Parameter Name Type Default Description
SIZE int 8 Size of the systolic array (dimensions SIZE x SIZE).
INPUT_DATA_WIDTH int 16 Width of input data for Matrix A (int8).
OUTPUT_DATA_WIDTH int 32 Width of output data (int32).
WEIGHT_DATA_WIDTH int 16 Width of weight data for Matrix B (int8).
INPUT_FIFO_DEPTH int 10 Depth of input FIFOs.
WEIGHT_FIFO_DEPTH int 8 Depth of weight FIFOs (generally set equal to or greater than the systolic array size).

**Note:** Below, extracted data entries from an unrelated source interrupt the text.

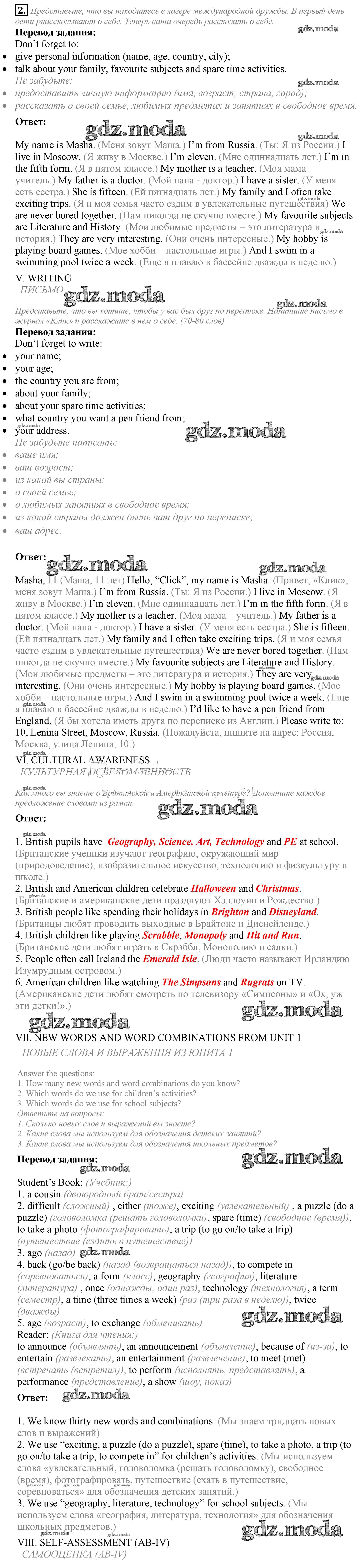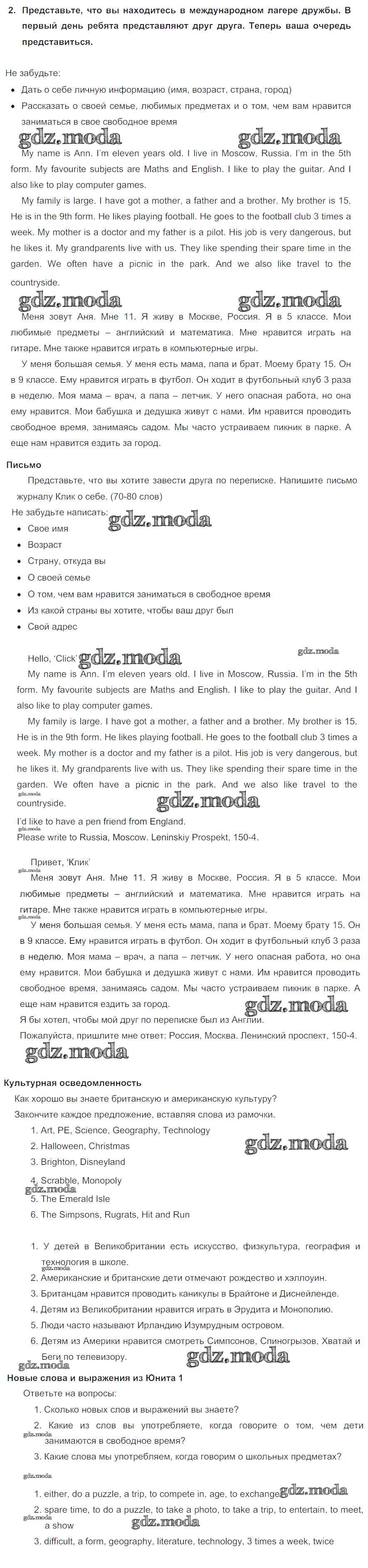 ГДЗ решение к заданию № 2 Английский язык 5 класс Кузовлёв В.П. Просвещение 2015 ФГОС бесплатно на гдз.мода!
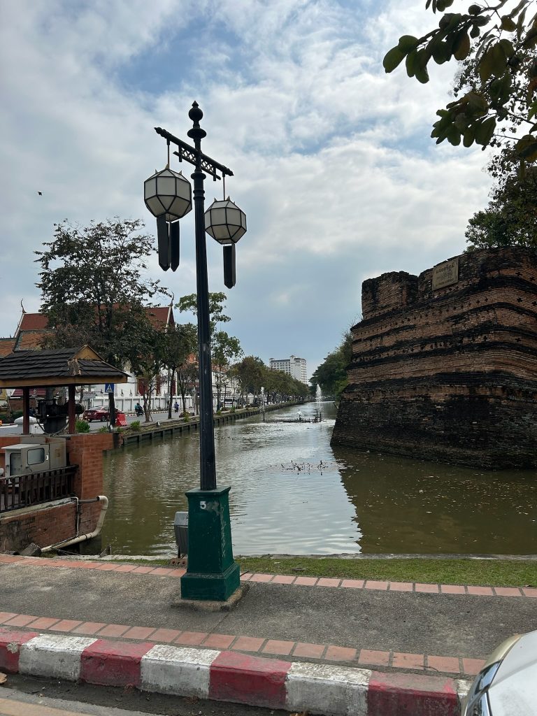 Wir machten nochmal einen Zwischenstopp im Hotel, bevor wir Mittags in die Innenstadt fuhren, die sich innerhalb einer quadratischen Stadtmauer mit Gracht befindet. Auf den Hauptstraßen ist hier echt viel los. Sonst mussten wir bisher noch nicht in einer Großstadt mit viel Verkehr Roller fahren (Chiang Rai ging klar). Wir wollten ein bisschen durch die „Old City“ laufen. Da ich keine langen Klamotten mit hatte, planten wir die Tempel für den nächsten Tag ein.
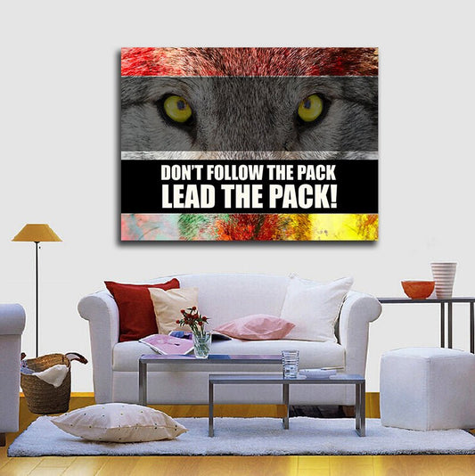 Don't Follow The Pack Lead The Pack! Framed Canvas Wall Art Motivational Office Art Wolf Art
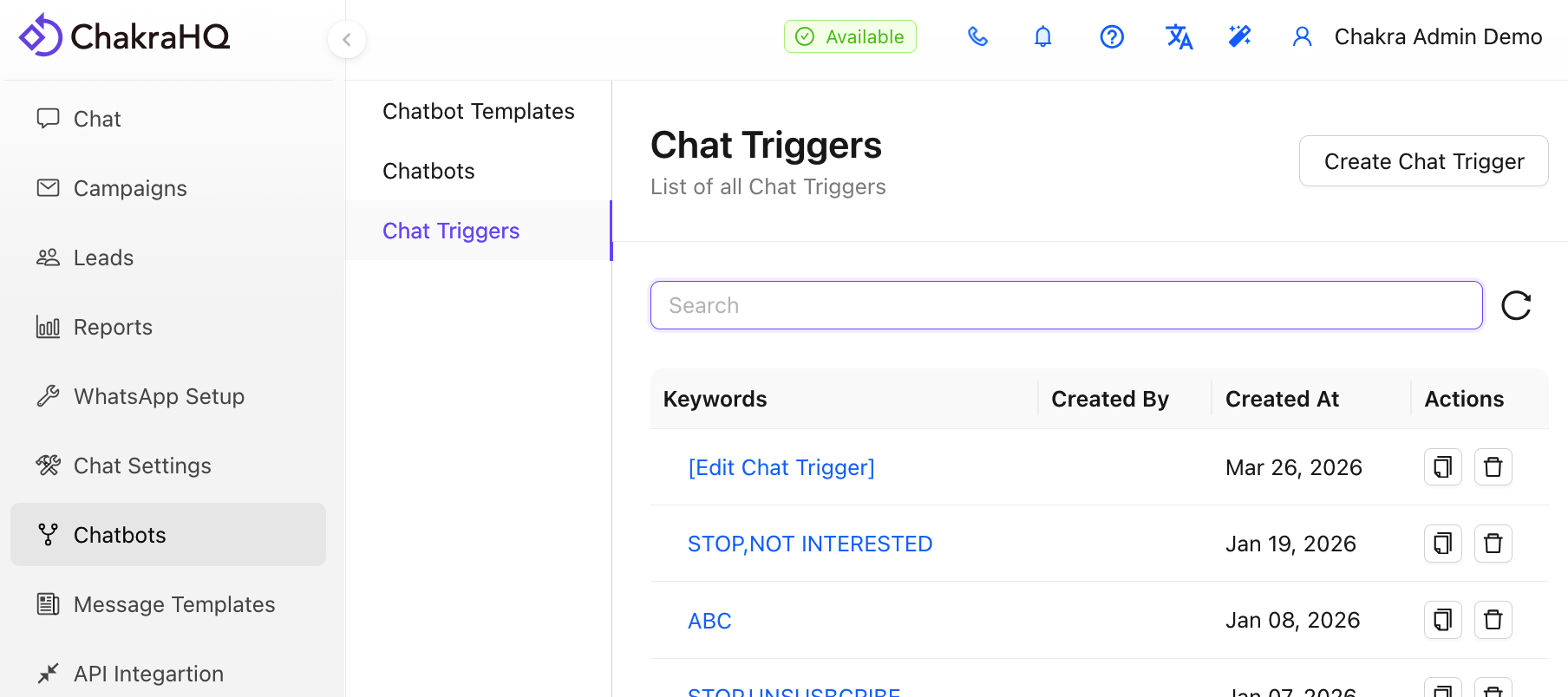 Triggering Eventnode, click on Edit _ 🖊_ on the right top - The Default Trigger is Chat Updation. To Add additional filter rules configure the Event
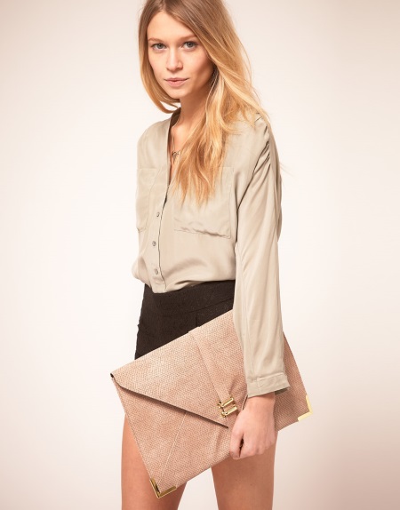 A suede clutch will look great with leather clothing. It is advisable to pick up such a handbag in color to the shoes of suede. Care of him is not as complicated as it seems: it is enough to buy a special brush.
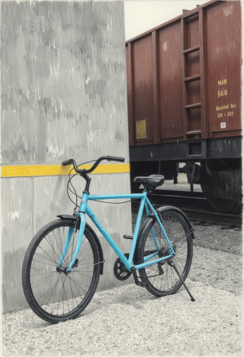 pencil sketch style of a blue bicycle is parked on a gravel surface. The bicycle is facing the viewer, its front wheel is slightly tilted to the left. The handlebars are black, and the seat is black. The frame of the bicycle is a light blue, while the tires are a darker gray. The backdrop, a gray concrete wall, is adorned with a yellow line, adding a pop of color to the scene. To the right of the frame, a brown train car can be seen.
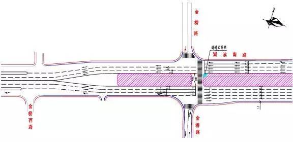 (一)機動車交通組織:湖濱南路施工路段交通組織方式維持原狀,即施工路段保持雙向6車道通行。
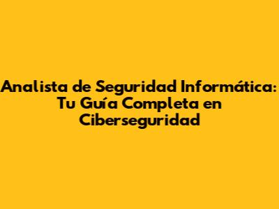 Analista De Seguridad Informática: Tu Guía Completa En Ciberseguridad
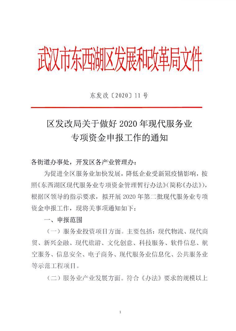區(qū)發(fā)改局關(guān)于做好2020年現(xiàn)代服務(wù)業(yè)專(zhuān)項(xiàng)資金申報(bào)工作的通知
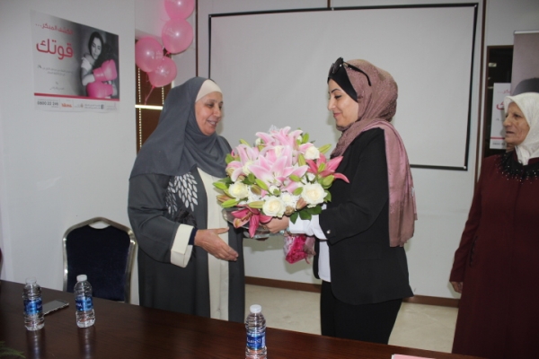 وفي ختام الفعالية كرمت نائب المدير العام للشؤون القانونية نسرين الحاج احد السيدات الناجيات"من سرطان الثدي السيدة ابتسام مصطفى " كمثال واقعي على اهمية الفحص المبكر لإنقاذ حياة الانسان ..
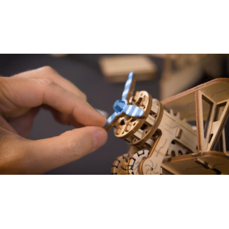 Po złożeniu biplan staje się wyjątkowym elementem dekoracyjnym, ucieleśnieniem sztuki mechanicznej, która dodaje nutkę nostalgii lotniczej i uroku DIY do każdego miejsca.
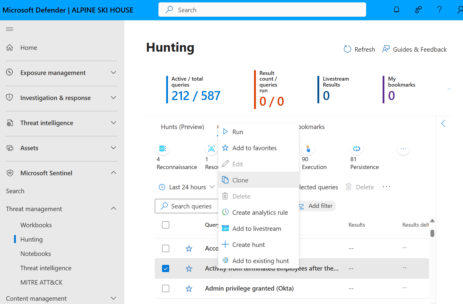 For Microsoft Sentinel in the Defender portal, select Microsoft Sentinel > Threat management > Hunting. For Microsoft Sentinel in the Azure portal, under Threat management select Hunting.
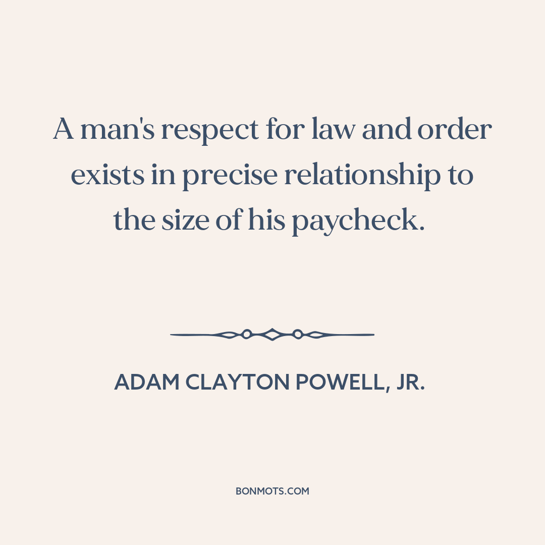 A man's respect for law and order exists in precise relationship to the size of his paycheck.
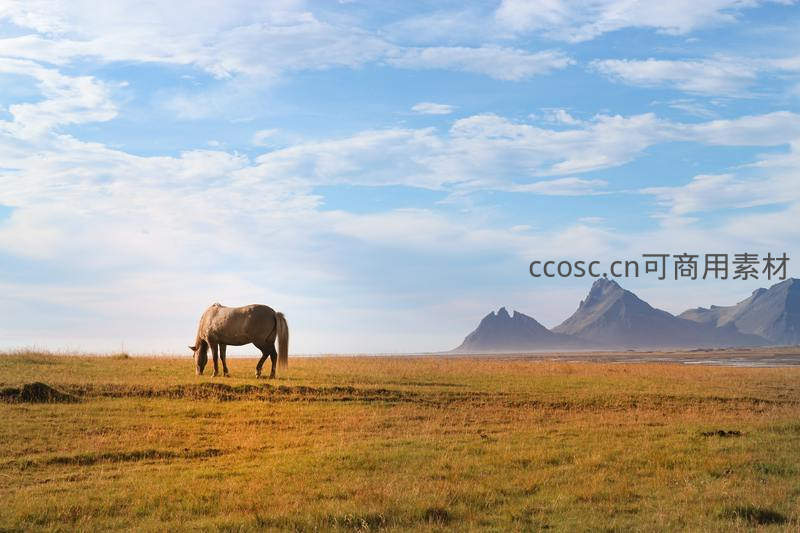 一匹棕色骏马在金黄草地上低头觅食,身后是壮丽的锯齿状山脉和广阔无垠的蓝天白云,画面充满自由与宁静的诗意。
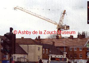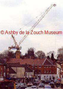 Redevelopment of Kilwardby Street. No.4-6, (formerly Ashby Urban Council offices) into McCarthy & Stone retirement complex. The crane as viewed from Market Street in February 2016.
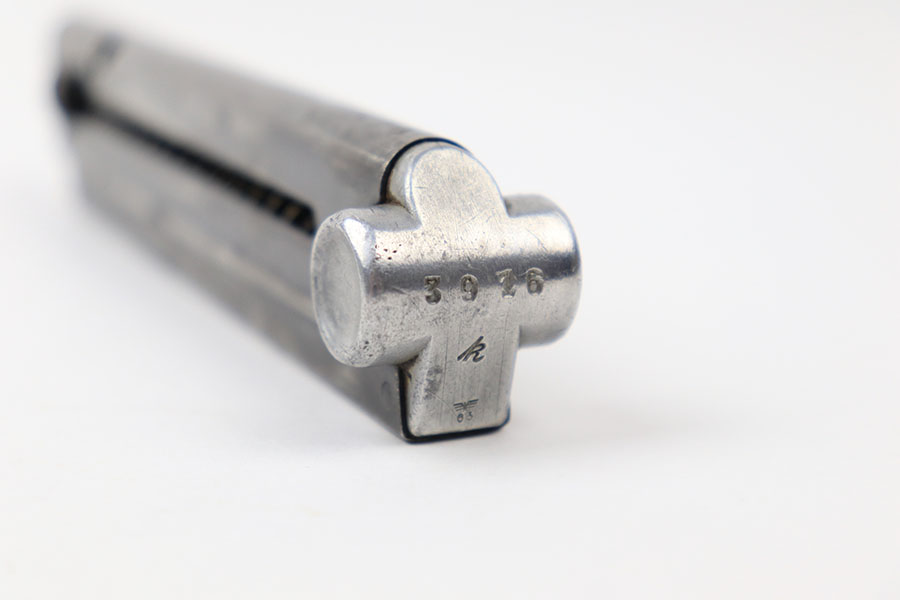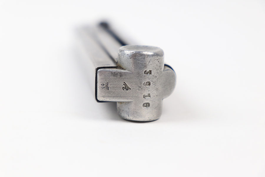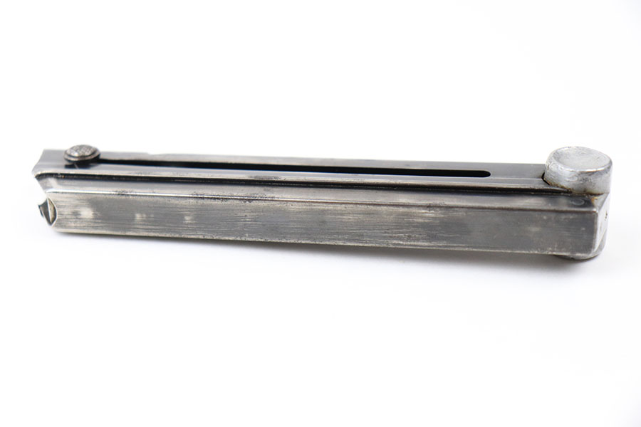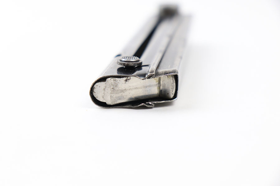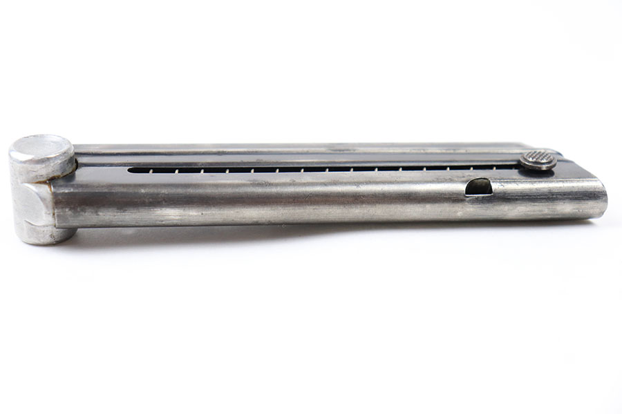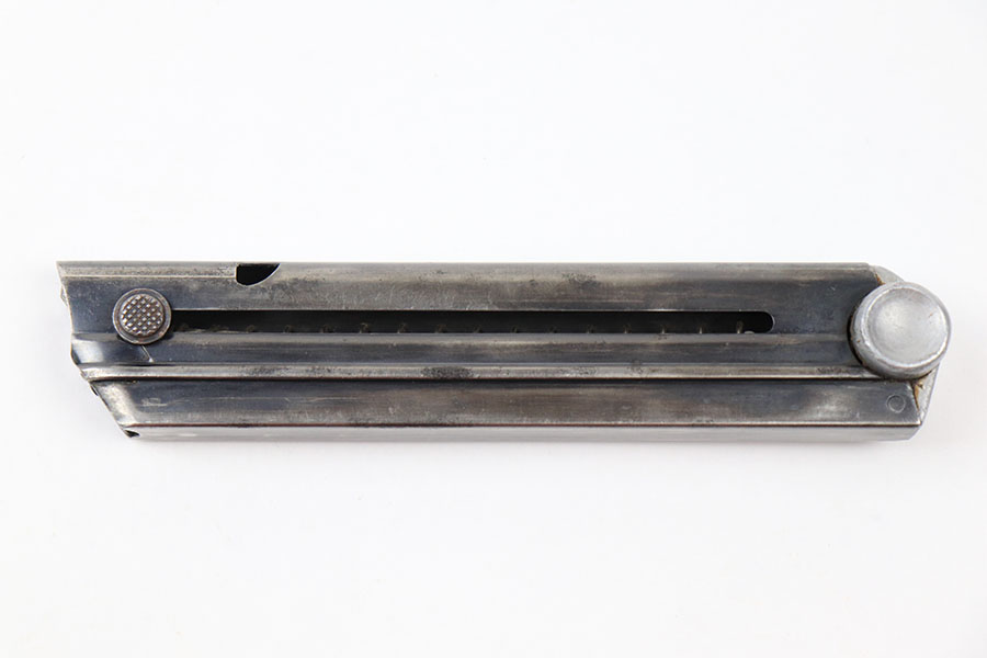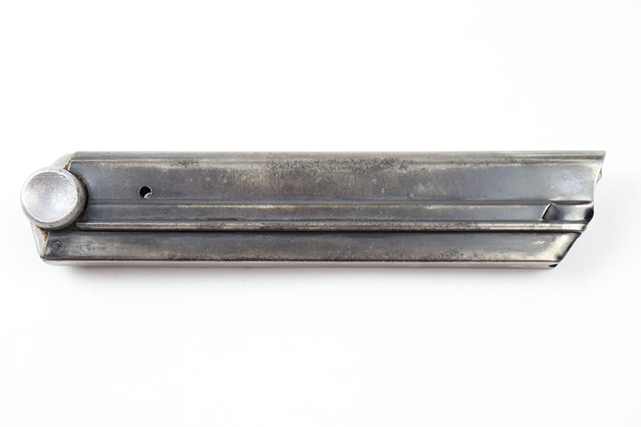 9/15/21 – This is an original Mauser Luger magazine. The aluminum base is serial numbered 3916k with an eagle 63 proof stamp underneath. The magazine tube has some mild patina and finish thinning / finish loss throughout, but most of the finish is in tact. The spring is strong and fully functional.
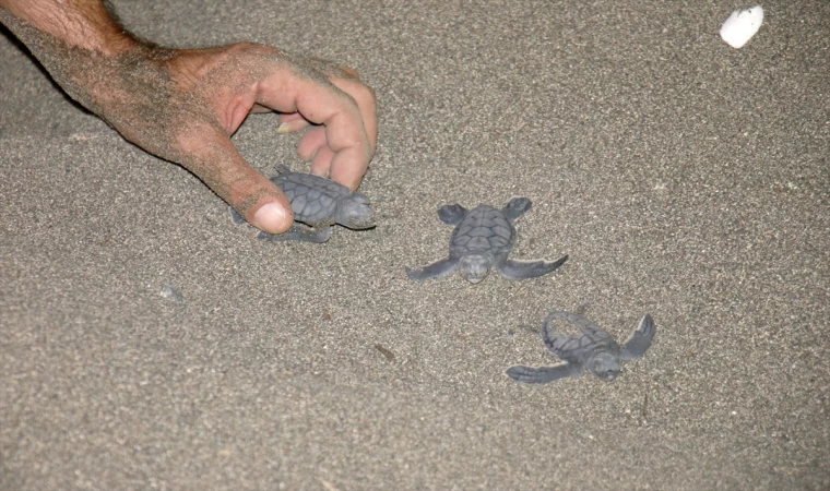 Mersin'in Erdemli ilçesinde, sahildeki yuvalarından çıkan 100 caretta caretta türü kaplumbağa yavrusu denizle buluştu.
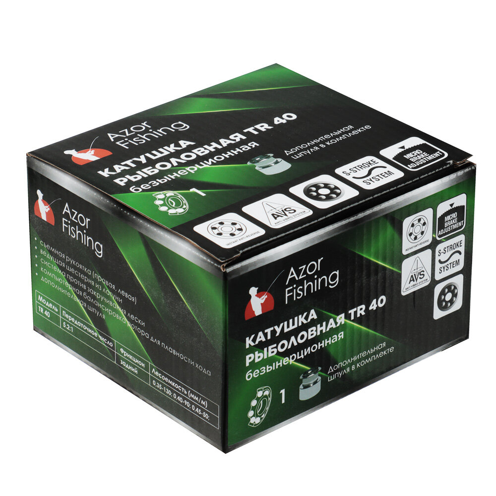 AZOR FISHING Катушка безынерционная с задним фрикционом "Тур" TR-40, 1п.п, 2 шпули: пластик, 2 штуки интересное:
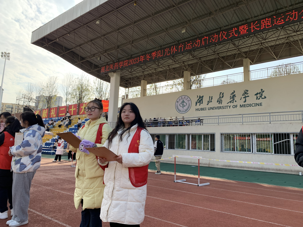 本网讯(通讯员 唐玥)11月24日,tyc33455cc太阳成集团、tyc33455cc太阳成集团药护学院2023年冬季长跑运动会在学校田径场圆满结束。学院兼职分团委副书记李承龙带领兼职班主任付双娇、徐娜、吴桐积极动员班级学生,组织选拔出11名应用心理学专业同学参与到运动会的志愿者和裁判员工作中。
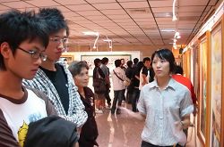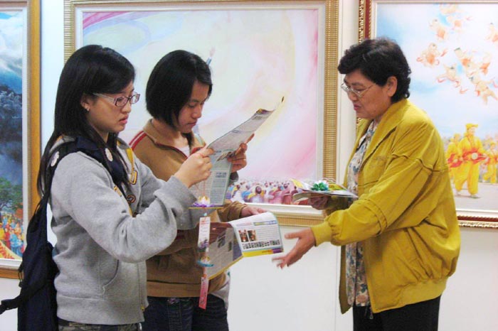 邻近的另一所高雄应用科技大学学生,在得知美展讯息后,利用两天上完学校最后一节课后的傍晚时分,顾不得吃晚餐,四五十名学生,骑着机车,联袂而来,使整个展场气氛顿时热络起来。他们慢慢浏览,细听导览者透过美好的艺术创作细说其中曲折,有关法轮功是什么,为什么在中国大陆遭到残酷打压,却能洪传全世界八十个国家等等。由于每一幅画的背后都有一段动人的故事,导览者引导学生拓展思维空间,关注眼前正在发生的悲壮历史,同时明辨人间是非善恶,惕厉自己坚守正义,长保善念,当下唤起这批大学生的共鸣。他们由原来对法轮功的懵懂印象、漠不关心,到离开展场时有了相当的了解,也明白为什么有越来越多来自国际的声援力量,一名学生忍不住说出心里的想法,觉的自己生活的太安逸、视野太狭窄了,以后他会多去关心世上受苦难的人群,他们说这是课堂内学不到的宝贵一课。
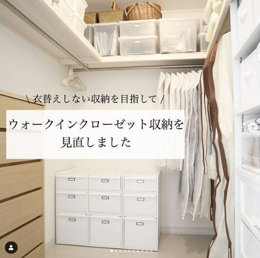 そのままにしているとどんどん洋服が増えていってしまうクローゼットですが、衣替えを機会に傷んでいるものや着ない服を整理することでクローゼットもスッキリします。収納ボックスも白で統一すればスッキリしますね。

By default 16 bit are is used to prevent overflow, yet all the weight and input data should be 8 bit.

I/O Table

Input Table

Input Name Direction Type Description
clk Input logic Clock signal for synchronization.
rst_n Input logic Reset signal, active-low.
flush_input_fifos Input logic Flush signal for input FIFOs.
flush_weight_fifos Input logic Flush signal for weight FIFOs.
input_matrix_row Input logic[INPUT_DATA_WIDTH-1:0][SIZE] Row of the input matrix (Matrix A) for FIFO input.
input_fifo_valid_i Input logic Valid signal for input FIFOs.
weight_matrix_row Input logic[WEIGHT_DATA_WIDTH-1:0][SIZE] Row of the weight matrix (Matrix B) for FIFO input.
weight_fifo_valid_i Input logic Valid signal for weight FIFOs.
input_sums Input logic[OUTPUT_DATA_WIDTH-1:0][SIZE] Initial sum values for systolic array computation.
enable_weights Input logic Enable signal for weights input to the systolic array.
start_input_gatekeeper Input logic Start signal for the first input gatekeeper, cascading the start for others.
start_output_gatekeeper Input logic Start signal for the first output gatekeeper, cascading the start for others.
enable_cycles_in Input uword Number of cycles to enable gatekeepers for synchronized data flow.

Output Table

Output Name Direction Type Description
input_fifo_ready_o Output logic[SIZE] Ready signal array for input FIFOs.
weight_fifo_ready_o Output logic[SIZE] Ready signal array for weight FIFOs.
output_data Output logic[OUTPUT_DATA_WIDTH-1:0][SIZE] Computed output data from the systolic array.
valid_o Output logic[SIZE] Valid signal array for output data availability.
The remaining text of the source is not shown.